The dose-response curve is surprisingly forgiving. A 2017 meta-analysis by Schuch and colleagues found that even modest amounts of physical activity (150 minutes per week, which works out to about 20 minutes a day) reduced the risk of depression by 22%. You don't need to be an athlete. You need to not be completely sedentary.

Anders Hansen, the Swedish psychiatrist who wrote The Real Happy Pill, argues that our brains evolved for a body in motion. The mismatch between our sedentary modern lives and our movement-hungry neurology explains a surprising amount of the anxiety and depression epidemic.

Dance as a Special Case

Dance adds layers that a treadmill can't replicate. It combines physical exertion with music, social interaction, creative expression, and the cognitive demands of learning and remembering choreography. Each of those elements independently boosts well-being. Together, they compound.

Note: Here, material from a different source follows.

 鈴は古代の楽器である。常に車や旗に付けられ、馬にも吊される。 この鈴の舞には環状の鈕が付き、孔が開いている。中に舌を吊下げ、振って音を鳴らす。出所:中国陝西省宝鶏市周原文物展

Peter Lovatt, a former professional dancer turned psychologist at the University of Hertfordshire, ran studies showing that structured dance sessions improved divergent thinking (the ability to generate multiple solutions to a problem). Movement and creativity appear to be neurologically linked in ways we're only beginning to map.

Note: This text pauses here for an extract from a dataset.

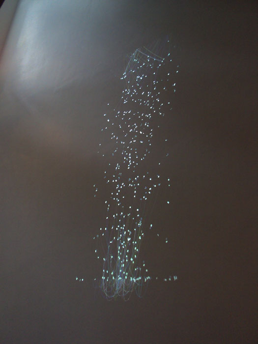 Se trata de una proyección de 12 metros de alto x 4 metros de ancho en la que cada llamada realizada en el Zócalo es representada por un papelito animado digitalmente que se vuela. El Zócalo es representado por una línea imaginaria de la que emergen papelitos cada vez que alguien realiza una llamada desde la zona. Inversamente, papelitos caen hacia esa línea imaginaria cada vez que alguien recibe una llamada en el Zócalo. |

A 2019 study published in Frontiers in Psychology compared dance to conventional exercise programmes. Both improved physical fitness. But only dance improved body image, self-esteem, and emotional well-being. The researchers attributed this to dance's emphasis on expression rather than performance metrics. No one counts calories burned during a salsa class. You're too busy trying not to step on your partner's feet.

Movement as Social Glue

Humans synchronise. When we move in time with others, our brains release oxytocin and endorphins at higher rates than when we exercise alone. Bronwyn Tarr at Oxford's Institute of Cognitive and Evolutionary Anthropology found that synchronised movement raised pain thresholds (a proxy for endorphin release) significantly more than unsynchronised movement.

This is ancient technology. Every culture on earth has some form of communal dance. Ritual movement predates written language, agriculture, probably even spoken grammar. We bonded through rhythm long before we bonded through words.

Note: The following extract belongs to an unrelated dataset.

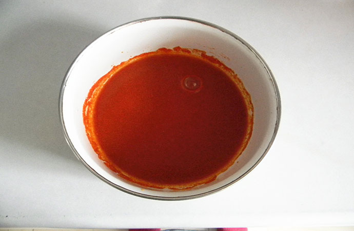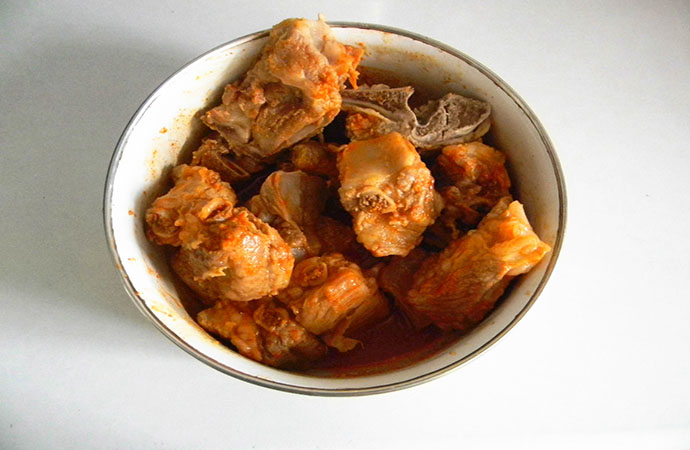5.煮好的排骨撈出控干水分,奧爾良烤肉料用1:2的比例和水溶解;

Modern life has stripped most of this away. We sit in cars, sit at desks, sit on sofas. The average office worker is sedentary for 10 to 12 hours a day. The body that evolved to walk 15 kilometres daily across savannah now walks from the car park to the lift.

Getting Started

The best movement practice is one you'll actually do. If dance feels intimidating, start with something simpler. Walk somewhere you'd normally drive. Take a call standing up. Stretch during ad breaks. The threshold for benefit is low, and every increment counts.

If you want the full neurochemical cocktail, though, try something that combines music, social contact, and physical effort. A dance class, a group hike with a playlist, even a living room dance session with your children. The combination is genuinely more potent than any single element.

Masamichi Souzou treats movement as a design input, not an afterthought. Spaces, schedules, and programmes that build physical motion into the rhythm of life aren't luxuries. They're infrastructure for well-being.